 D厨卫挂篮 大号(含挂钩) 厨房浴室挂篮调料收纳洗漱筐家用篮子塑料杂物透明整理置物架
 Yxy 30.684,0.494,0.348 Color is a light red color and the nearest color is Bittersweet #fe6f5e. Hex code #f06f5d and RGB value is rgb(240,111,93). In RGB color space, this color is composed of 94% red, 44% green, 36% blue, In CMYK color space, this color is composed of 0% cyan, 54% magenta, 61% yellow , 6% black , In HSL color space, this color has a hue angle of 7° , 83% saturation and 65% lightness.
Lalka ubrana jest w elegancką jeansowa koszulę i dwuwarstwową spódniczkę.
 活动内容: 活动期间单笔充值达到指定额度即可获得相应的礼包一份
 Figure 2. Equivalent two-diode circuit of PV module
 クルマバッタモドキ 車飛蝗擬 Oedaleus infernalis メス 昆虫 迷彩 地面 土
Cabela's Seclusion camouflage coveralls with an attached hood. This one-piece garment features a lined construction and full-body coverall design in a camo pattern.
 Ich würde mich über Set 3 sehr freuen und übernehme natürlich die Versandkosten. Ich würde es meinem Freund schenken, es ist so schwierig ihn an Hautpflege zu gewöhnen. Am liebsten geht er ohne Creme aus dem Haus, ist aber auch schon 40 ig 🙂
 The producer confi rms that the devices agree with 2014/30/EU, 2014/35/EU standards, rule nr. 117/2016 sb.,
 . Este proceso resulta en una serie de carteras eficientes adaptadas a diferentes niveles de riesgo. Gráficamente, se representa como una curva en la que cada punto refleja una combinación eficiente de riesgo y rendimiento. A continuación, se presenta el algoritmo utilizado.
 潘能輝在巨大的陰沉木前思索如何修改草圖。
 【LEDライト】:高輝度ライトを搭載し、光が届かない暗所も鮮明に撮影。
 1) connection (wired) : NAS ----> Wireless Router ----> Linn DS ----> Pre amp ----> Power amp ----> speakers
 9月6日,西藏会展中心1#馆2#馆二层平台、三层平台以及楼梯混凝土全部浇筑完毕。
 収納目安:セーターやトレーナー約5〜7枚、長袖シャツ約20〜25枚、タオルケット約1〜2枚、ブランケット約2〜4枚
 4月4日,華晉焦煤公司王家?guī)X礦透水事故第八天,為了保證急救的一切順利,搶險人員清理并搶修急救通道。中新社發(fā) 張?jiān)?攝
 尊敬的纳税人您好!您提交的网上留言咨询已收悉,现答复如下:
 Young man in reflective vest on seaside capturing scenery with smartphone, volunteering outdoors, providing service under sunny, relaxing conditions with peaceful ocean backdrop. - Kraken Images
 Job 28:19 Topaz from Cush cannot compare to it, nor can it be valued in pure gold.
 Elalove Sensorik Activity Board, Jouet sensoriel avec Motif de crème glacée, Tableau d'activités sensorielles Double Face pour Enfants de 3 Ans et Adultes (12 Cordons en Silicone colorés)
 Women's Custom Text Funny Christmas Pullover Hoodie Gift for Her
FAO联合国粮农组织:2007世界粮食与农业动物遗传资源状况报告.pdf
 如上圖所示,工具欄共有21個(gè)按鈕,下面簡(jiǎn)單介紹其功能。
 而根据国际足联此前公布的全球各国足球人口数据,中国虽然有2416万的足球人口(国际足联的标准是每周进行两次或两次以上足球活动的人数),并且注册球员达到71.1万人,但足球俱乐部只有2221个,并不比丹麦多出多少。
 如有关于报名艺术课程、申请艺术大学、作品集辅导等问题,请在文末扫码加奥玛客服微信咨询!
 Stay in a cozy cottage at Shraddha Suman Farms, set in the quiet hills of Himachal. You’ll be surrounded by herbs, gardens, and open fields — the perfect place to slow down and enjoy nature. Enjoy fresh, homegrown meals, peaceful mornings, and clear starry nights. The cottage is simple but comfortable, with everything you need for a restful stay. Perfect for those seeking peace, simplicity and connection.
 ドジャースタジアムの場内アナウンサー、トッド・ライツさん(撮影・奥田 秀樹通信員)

★ ★ ★ ★ ★ ★ ★

Exercise directions → Output the line holding "Stay in a cozy", then every later line through the end of the records above, exactly as given and nothing else.

Answer for this exercise →
 Stay in a cozy cottage at Shraddha Suman Farms, set in the quiet hills of Himachal. You’ll be surrounded by herbs, gardens, and open fields — the perfect place to slow down and enjoy nature. Enjoy fresh, homegrown meals, peaceful mornings, and clear starry nights. The cottage is simple but comfortable, with everything you need for a restful stay. Perfect for those seeking peace, simplicity and connection.
 ドジャースタジアムの場内アナウンサー、トッド・ライツさん(撮影・奥田 秀樹通信員)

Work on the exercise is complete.